Source data:

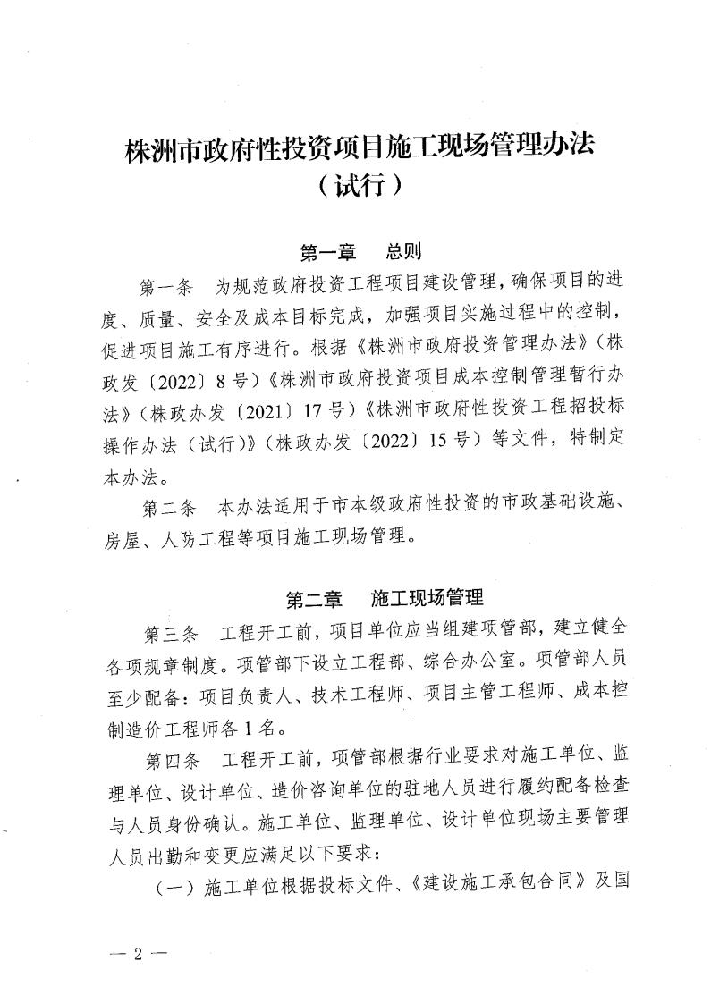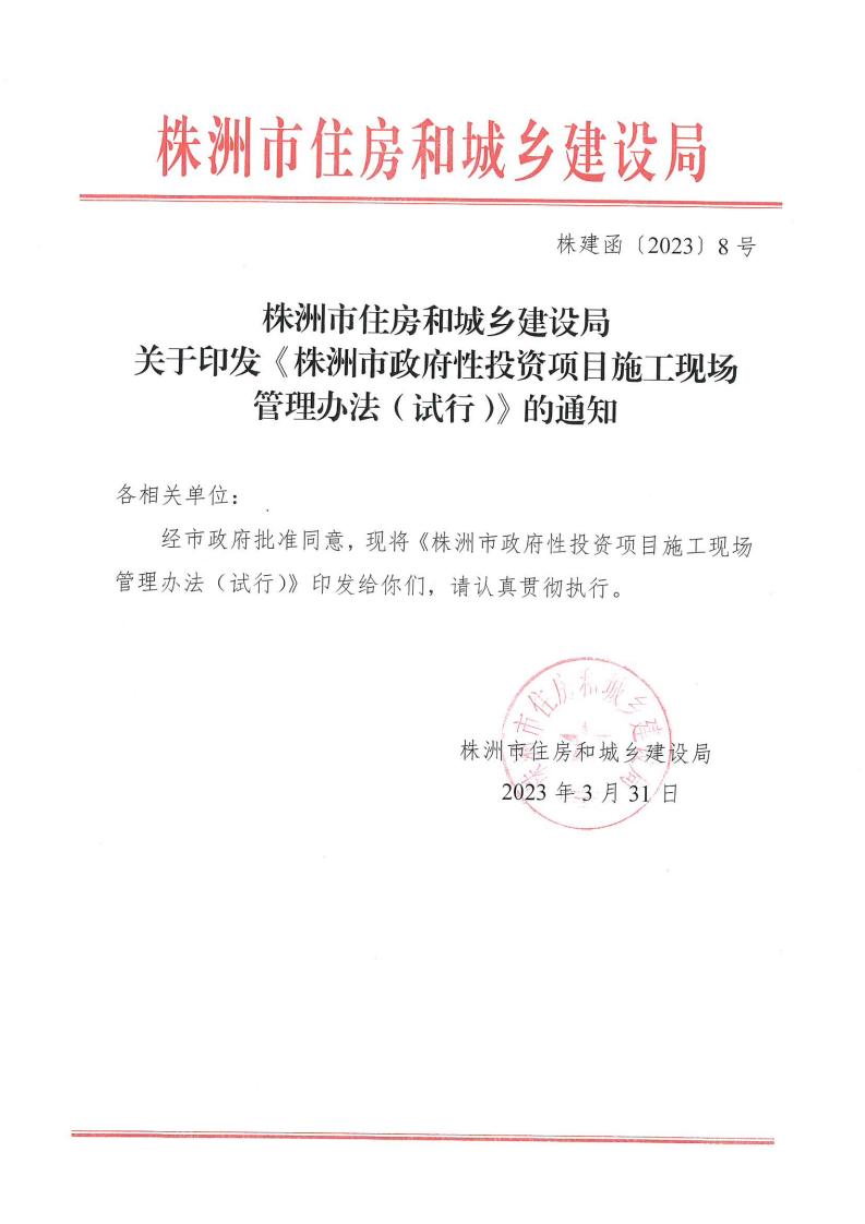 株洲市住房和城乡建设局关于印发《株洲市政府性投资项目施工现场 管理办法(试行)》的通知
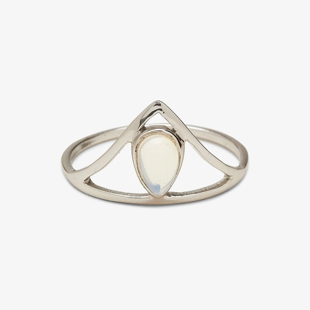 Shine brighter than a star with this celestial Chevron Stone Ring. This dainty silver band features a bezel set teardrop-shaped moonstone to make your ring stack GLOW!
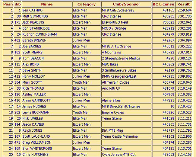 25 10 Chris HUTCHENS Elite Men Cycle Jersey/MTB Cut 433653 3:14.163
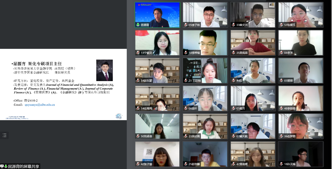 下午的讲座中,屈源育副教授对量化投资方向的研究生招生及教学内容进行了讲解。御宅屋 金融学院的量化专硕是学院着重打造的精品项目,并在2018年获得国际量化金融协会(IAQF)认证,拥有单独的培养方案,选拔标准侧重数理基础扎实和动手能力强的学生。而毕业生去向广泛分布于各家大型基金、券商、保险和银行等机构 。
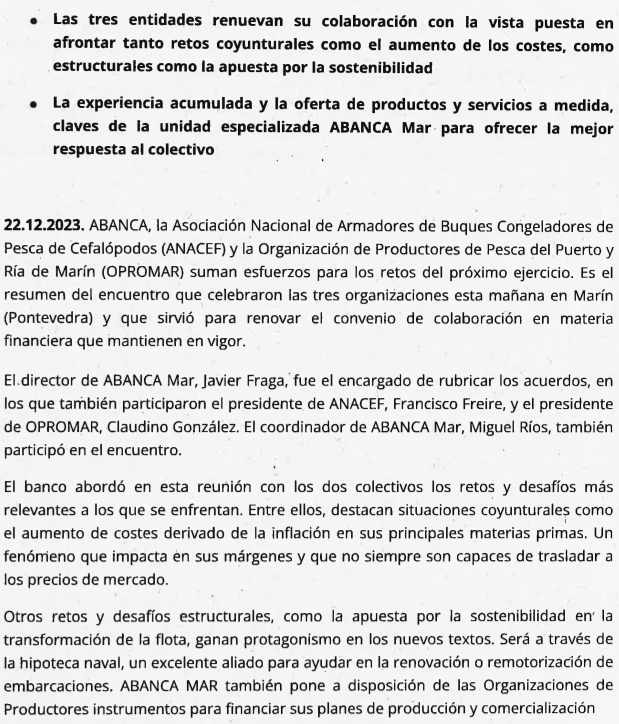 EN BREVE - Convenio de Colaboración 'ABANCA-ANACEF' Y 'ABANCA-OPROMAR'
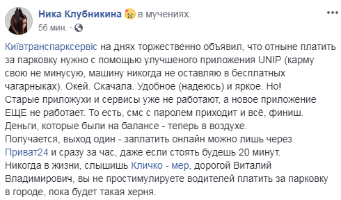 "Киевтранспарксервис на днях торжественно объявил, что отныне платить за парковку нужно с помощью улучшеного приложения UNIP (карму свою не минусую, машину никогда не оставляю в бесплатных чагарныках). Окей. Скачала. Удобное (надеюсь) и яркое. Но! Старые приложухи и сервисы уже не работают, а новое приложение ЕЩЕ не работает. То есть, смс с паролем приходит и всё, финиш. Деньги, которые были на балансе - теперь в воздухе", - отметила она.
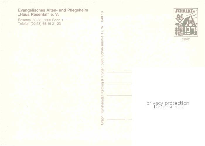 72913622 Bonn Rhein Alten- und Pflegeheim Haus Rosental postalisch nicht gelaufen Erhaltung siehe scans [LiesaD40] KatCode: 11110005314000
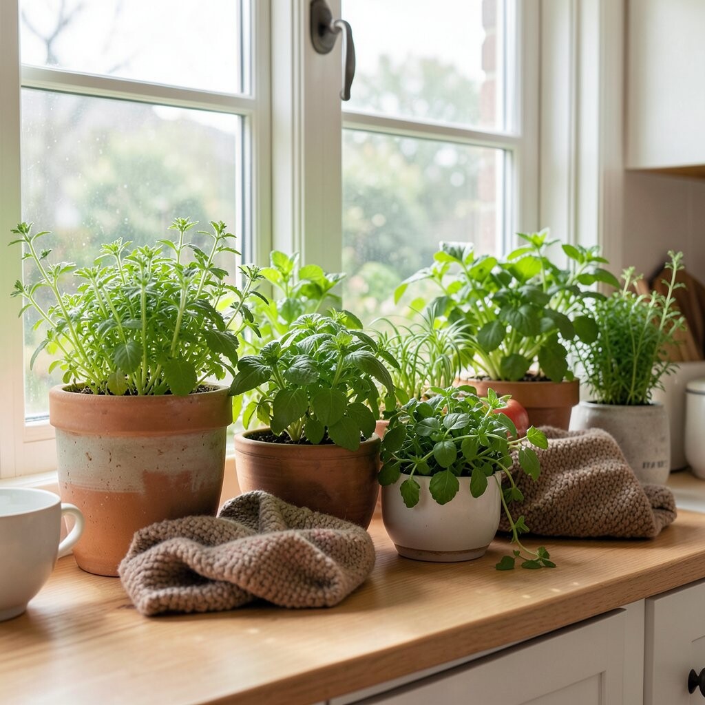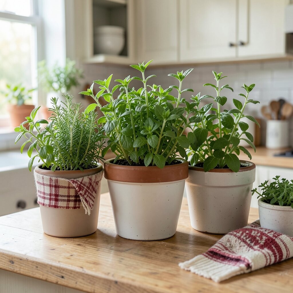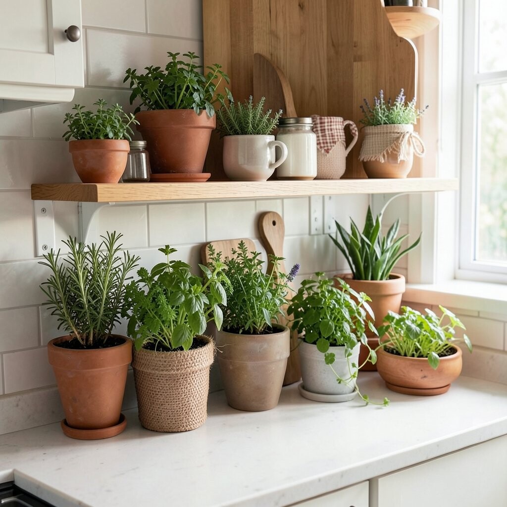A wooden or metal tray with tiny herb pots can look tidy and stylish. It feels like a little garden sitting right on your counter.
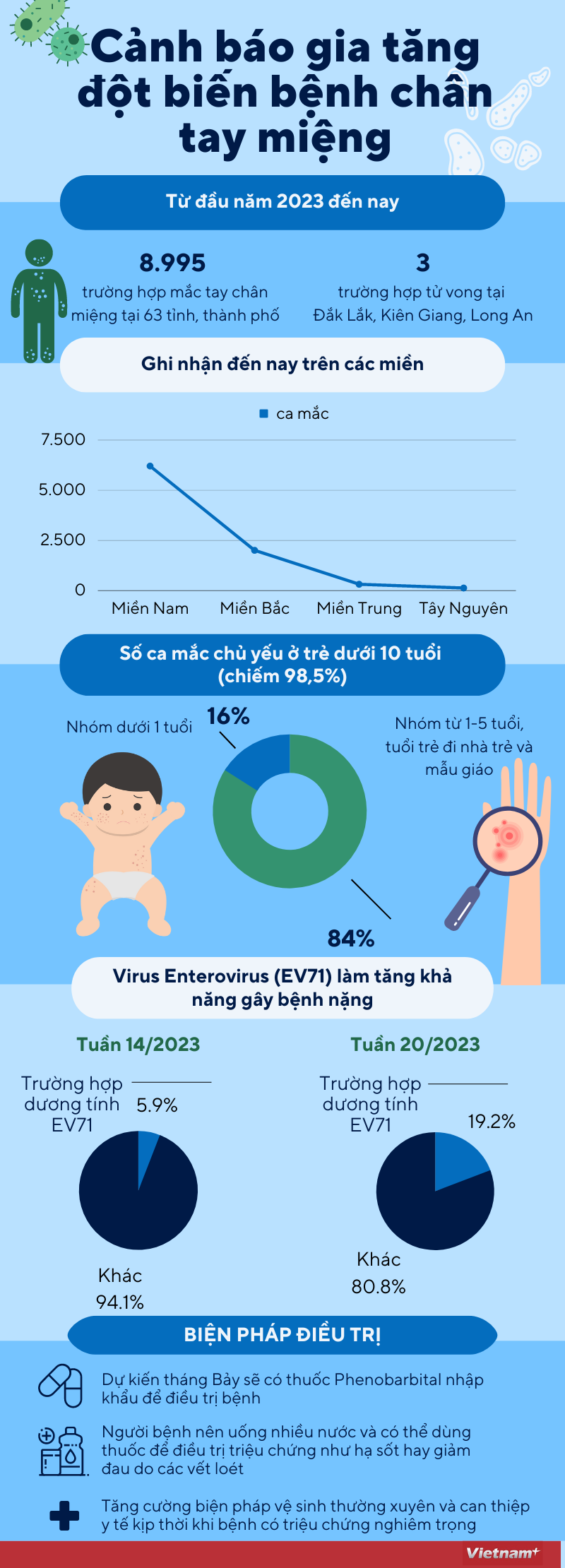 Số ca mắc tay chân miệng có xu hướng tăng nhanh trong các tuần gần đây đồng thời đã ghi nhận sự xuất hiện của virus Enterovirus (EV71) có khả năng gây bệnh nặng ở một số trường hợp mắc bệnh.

Your objective
A word-for-word copy of every entry, with the pictures left out, is the required answer.

Written reply
 株洲市住房和城乡建设局关于印发《株洲市政府性投资项目施工现场 管理办法(试行)》的通知
 Shine brighter than a star with this celestial Chevron Stone Ring. This dainty silver band features a bezel set teardrop-shaped moonstone to make your ring stack GLOW!
 25 10 Chris HUTCHENS Elite Men Cycle Jersey/MTB Cut 433653 3:14.163
 下午的讲座中,屈源育副教授对量化投资方向的研究生招生及教学内容进行了讲解。御宅屋 金融学院的量化专硕是学院着重打造的精品项目,并在2018年获得国际量化金融协会(IAQF)认证,拥有单独的培养方案,选拔标准侧重数理基础扎实和动手能力强的学生。而毕业生去向广泛分布于各家大型基金、券商、保险和银行等机构 。
 EN BREVE - Convenio de Colaboración 'ABANCA-ANACEF' Y 'ABANCA-OPROMAR'
 "Киевтранспарксервис на днях торжественно объявил, что отныне платить за парковку нужно с помощью улучшеного приложения UNIP (карму свою не минусую, машину никогда не оставляю в бесплатных чагарныках). Окей. Скачала. Удобное (надеюсь) и яркое. Но! Старые приложухи и сервисы уже не работают, а новое приложение ЕЩЕ не работает. То есть, смс с паролем приходит и всё, финиш. Деньги, которые были на балансе - теперь в воздухе", - отметила она.
 72913622 Bonn Rhein Alten- und Pflegeheim Haus Rosental postalisch nicht gelaufen Erhaltung siehe scans [LiesaD40] KatCode: 11110005314000
A wooden or metal tray with tiny herb pots can look tidy and stylish. It feels like a little garden sitting right on your counter.
 Số ca mắc tay chân miệng có xu hướng tăng nhanh trong các tuần gần đây đồng thời đã ghi nhận sự xuất hiện của virus Enterovirus (EV71) có khả năng gây bệnh nặng ở một số trường hợp mắc bệnh.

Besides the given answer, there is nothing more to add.